TASK DIRECTIONS: Leave out the pictures and repeat every record exactly.

%%

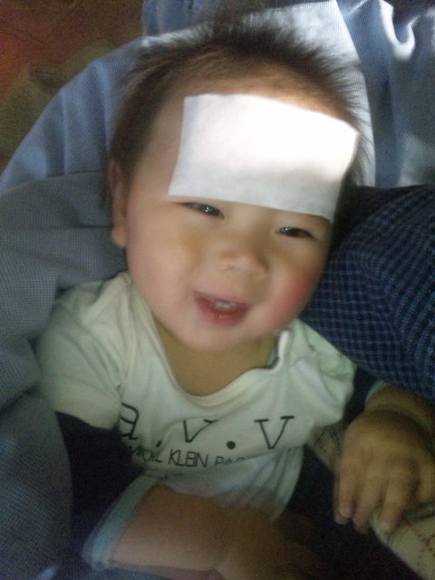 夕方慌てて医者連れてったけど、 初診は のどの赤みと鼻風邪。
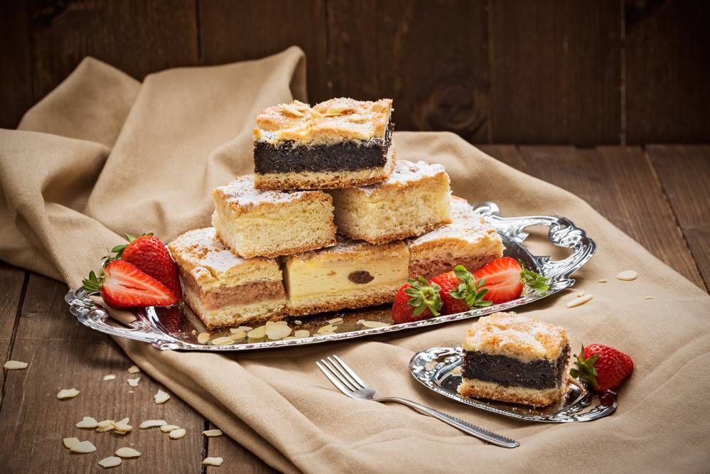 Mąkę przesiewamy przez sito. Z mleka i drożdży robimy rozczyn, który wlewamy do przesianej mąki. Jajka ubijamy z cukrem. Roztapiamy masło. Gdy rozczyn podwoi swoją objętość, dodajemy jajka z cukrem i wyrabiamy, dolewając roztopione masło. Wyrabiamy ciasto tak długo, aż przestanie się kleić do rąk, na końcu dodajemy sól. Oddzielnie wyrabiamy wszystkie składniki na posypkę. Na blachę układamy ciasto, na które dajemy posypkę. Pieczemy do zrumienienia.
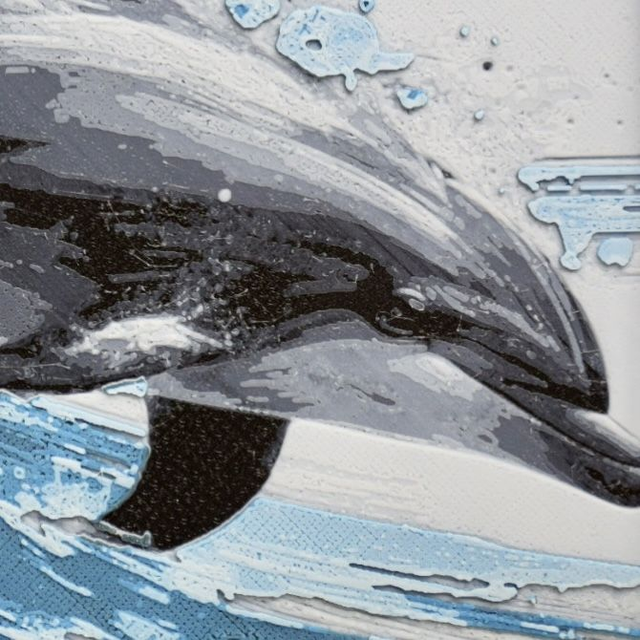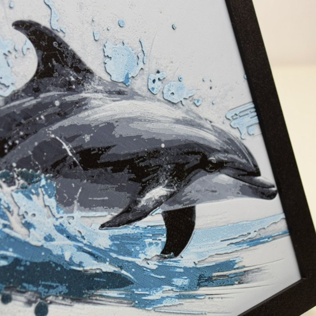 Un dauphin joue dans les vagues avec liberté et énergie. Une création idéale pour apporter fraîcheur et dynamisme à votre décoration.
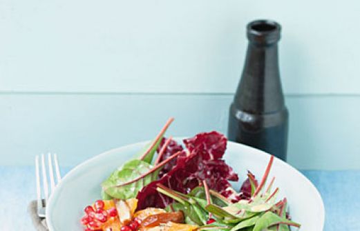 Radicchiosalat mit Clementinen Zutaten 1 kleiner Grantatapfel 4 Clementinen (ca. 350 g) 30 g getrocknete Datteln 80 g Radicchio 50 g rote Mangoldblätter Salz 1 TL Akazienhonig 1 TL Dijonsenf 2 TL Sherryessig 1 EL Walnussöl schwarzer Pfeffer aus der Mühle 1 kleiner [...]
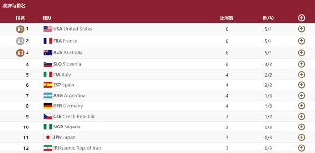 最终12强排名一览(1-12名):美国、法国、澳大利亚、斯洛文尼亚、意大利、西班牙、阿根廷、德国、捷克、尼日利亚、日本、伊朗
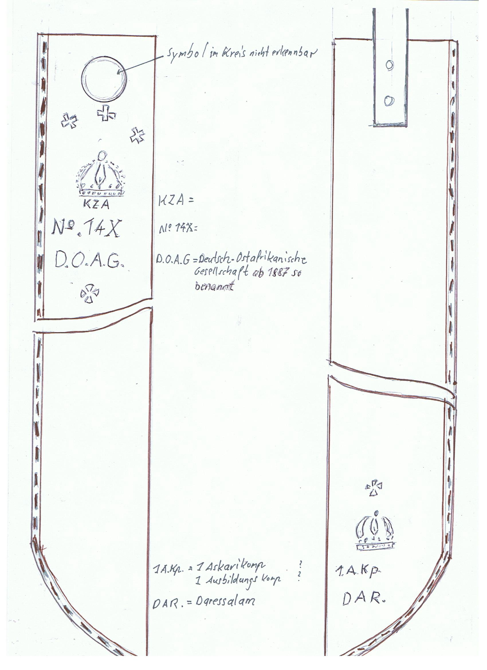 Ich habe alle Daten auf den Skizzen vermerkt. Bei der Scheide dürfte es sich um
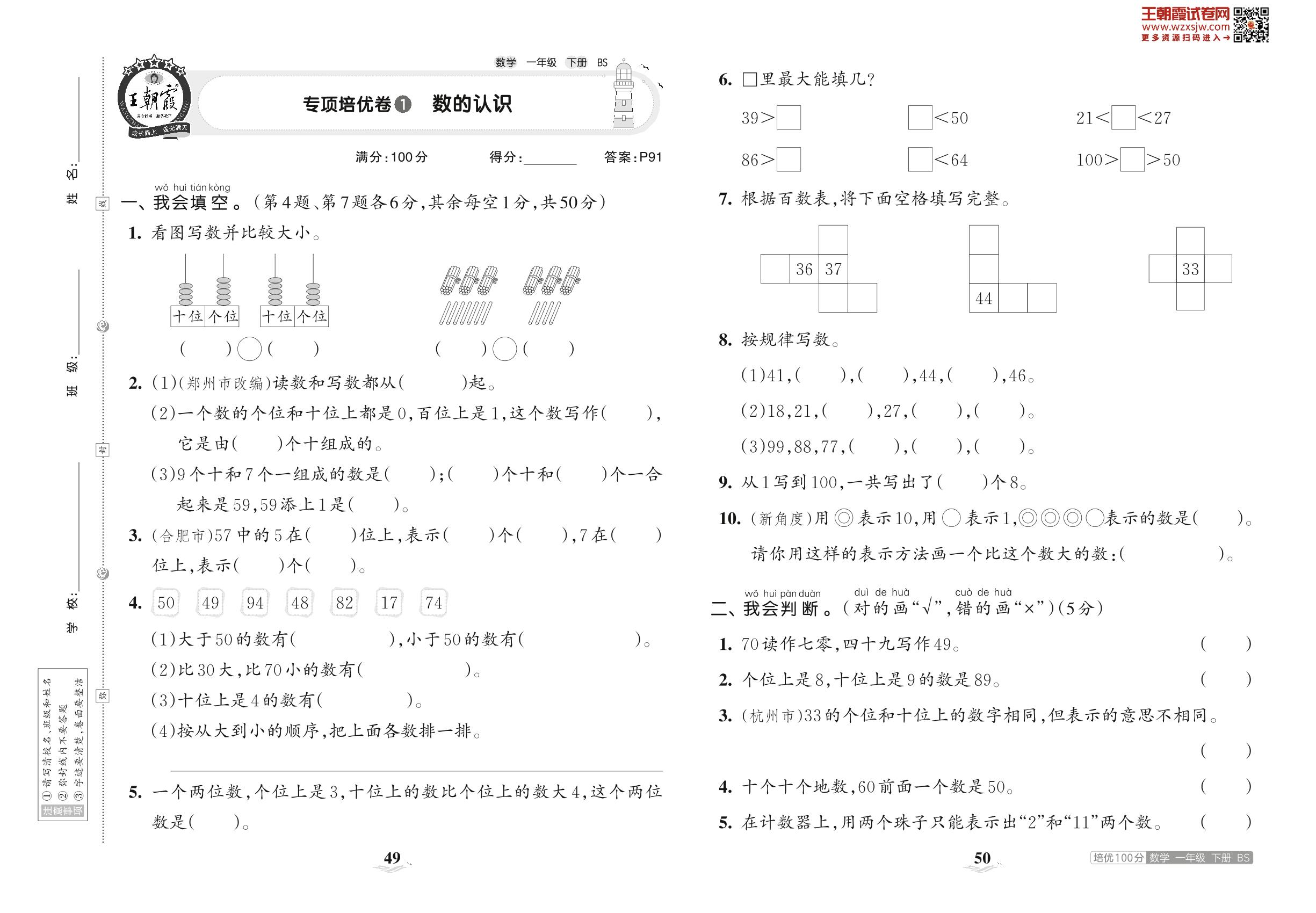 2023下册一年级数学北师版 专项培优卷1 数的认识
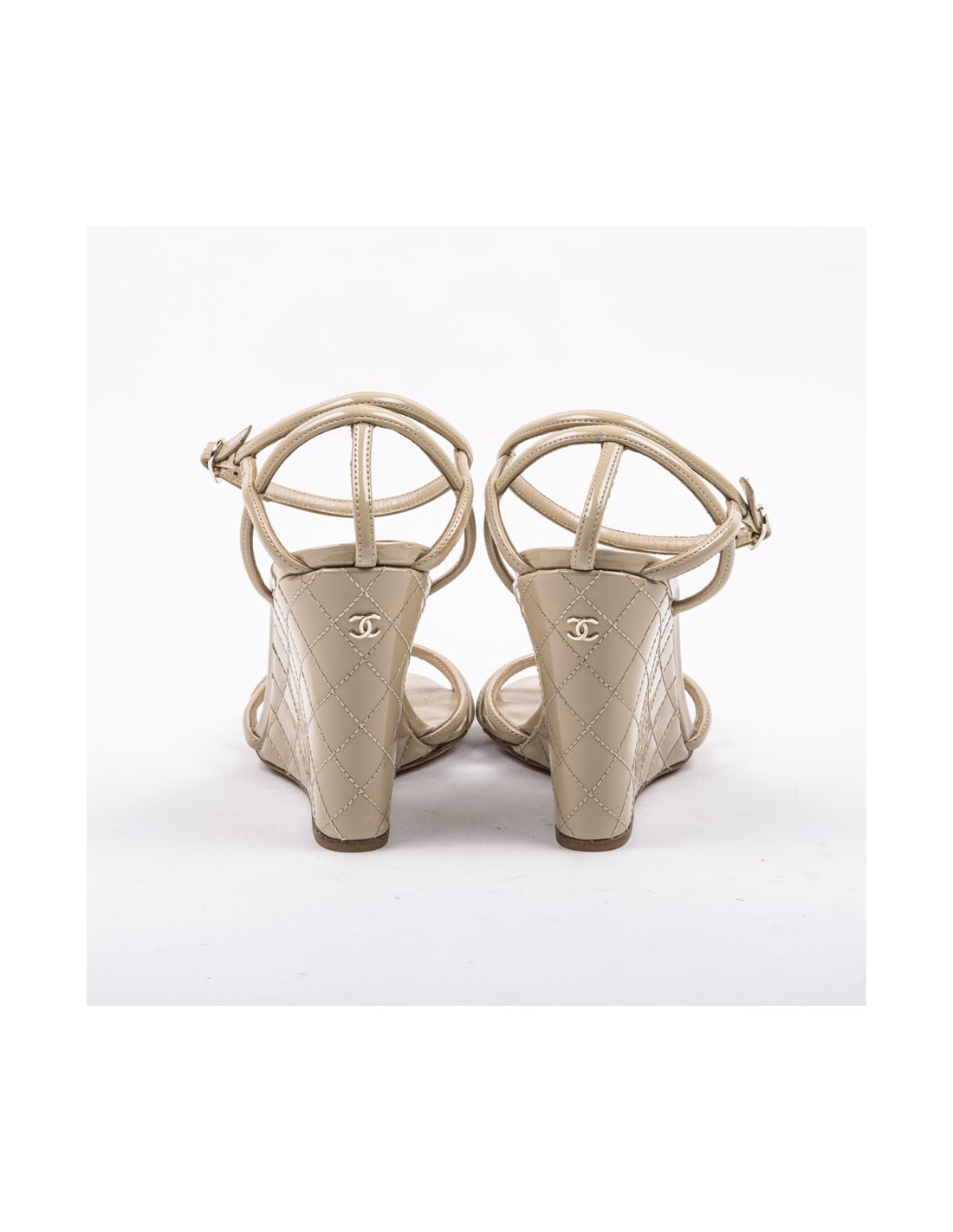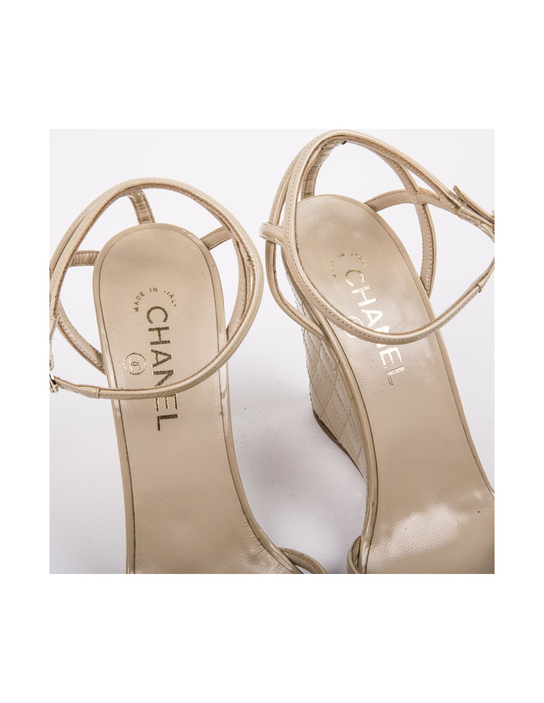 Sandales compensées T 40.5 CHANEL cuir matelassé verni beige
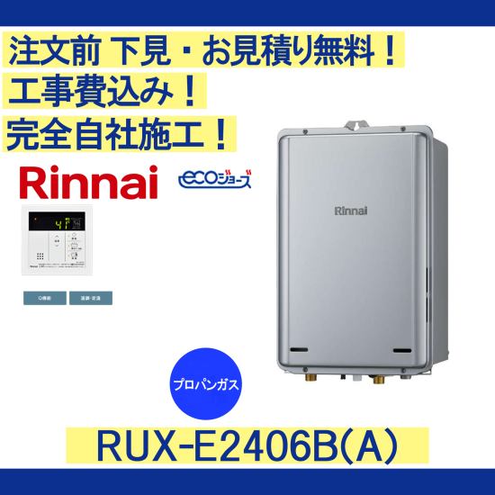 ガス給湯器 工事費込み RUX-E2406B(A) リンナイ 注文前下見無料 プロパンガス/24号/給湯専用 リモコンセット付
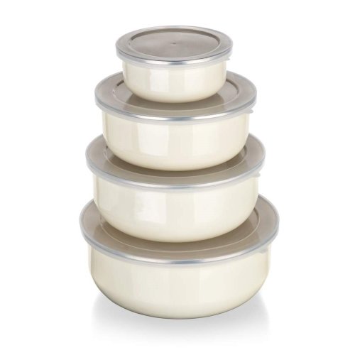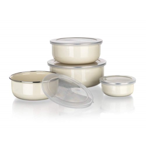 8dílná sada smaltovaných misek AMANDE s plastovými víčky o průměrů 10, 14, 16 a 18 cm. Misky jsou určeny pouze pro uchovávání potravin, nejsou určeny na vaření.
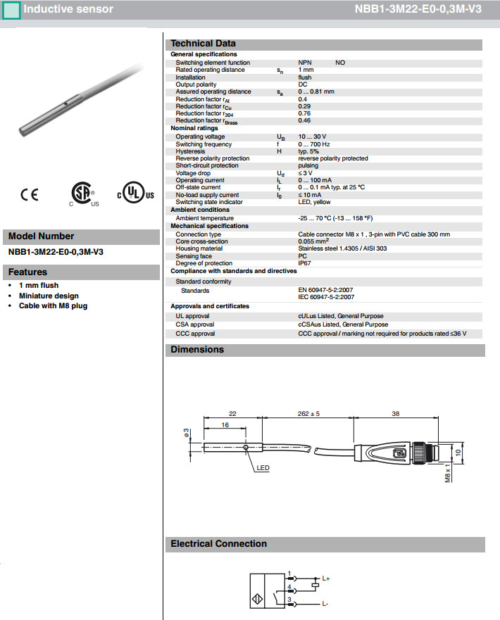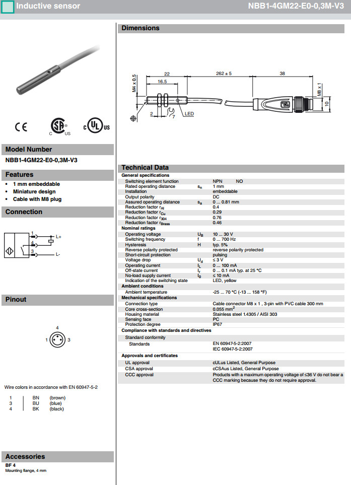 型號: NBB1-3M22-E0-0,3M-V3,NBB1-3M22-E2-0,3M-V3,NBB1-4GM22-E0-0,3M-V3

%%

ANSWER SPACE:
 夕方慌てて医者連れてったけど、 初診は のどの赤みと鼻風邪。
 Mąkę przesiewamy przez sito. Z mleka i drożdży robimy rozczyn, który wlewamy do przesianej mąki. Jajka ubijamy z cukrem. Roztapiamy masło. Gdy rozczyn podwoi swoją objętość, dodajemy jajka z cukrem i wyrabiamy, dolewając roztopione masło. Wyrabiamy ciasto tak długo, aż przestanie się kleić do rąk, na końcu dodajemy sól. Oddzielnie wyrabiamy wszystkie składniki na posypkę. Na blachę układamy ciasto, na które dajemy posypkę. Pieczemy do zrumienienia.
 Un dauphin joue dans les vagues avec liberté et énergie. Une création idéale pour apporter fraîcheur et dynamisme à votre décoration.
 Radicchiosalat mit Clementinen Zutaten 1 kleiner Grantatapfel 4 Clementinen (ca. 350 g) 30 g getrocknete Datteln 80 g Radicchio 50 g rote Mangoldblätter Salz 1 TL Akazienhonig 1 TL Dijonsenf 2 TL Sherryessig 1 EL Walnussöl schwarzer Pfeffer aus der Mühle 1 kleiner [...]
 最终12强排名一览(1-12名):美国、法国、澳大利亚、斯洛文尼亚、意大利、西班牙、阿根廷、德国、捷克、尼日利亚、日本、伊朗
 Ich habe alle Daten auf den Skizzen vermerkt. Bei der Scheide dürfte es sich um
 2023下册一年级数学北师版 专项培优卷1 数的认识
 Sandales compensées T 40.5 CHANEL cuir matelassé verni beige
 ガス給湯器 工事費込み RUX-E2406B(A) リンナイ 注文前下見無料 プロパンガス/24号/給湯専用 リモコンセット付
 8dílná sada smaltovaných misek AMANDE s plastovými víčky o průměrů 10, 14, 16 a 18 cm. Misky jsou určeny pouze pro uchovávání potravin, nejsou určeny na vaření.
 型號: NBB1-3M22-E0-0,3M-V3,NBB1-3M22-E2-0,3M-V3,NBB1-4GM22-E0-0,3M-V3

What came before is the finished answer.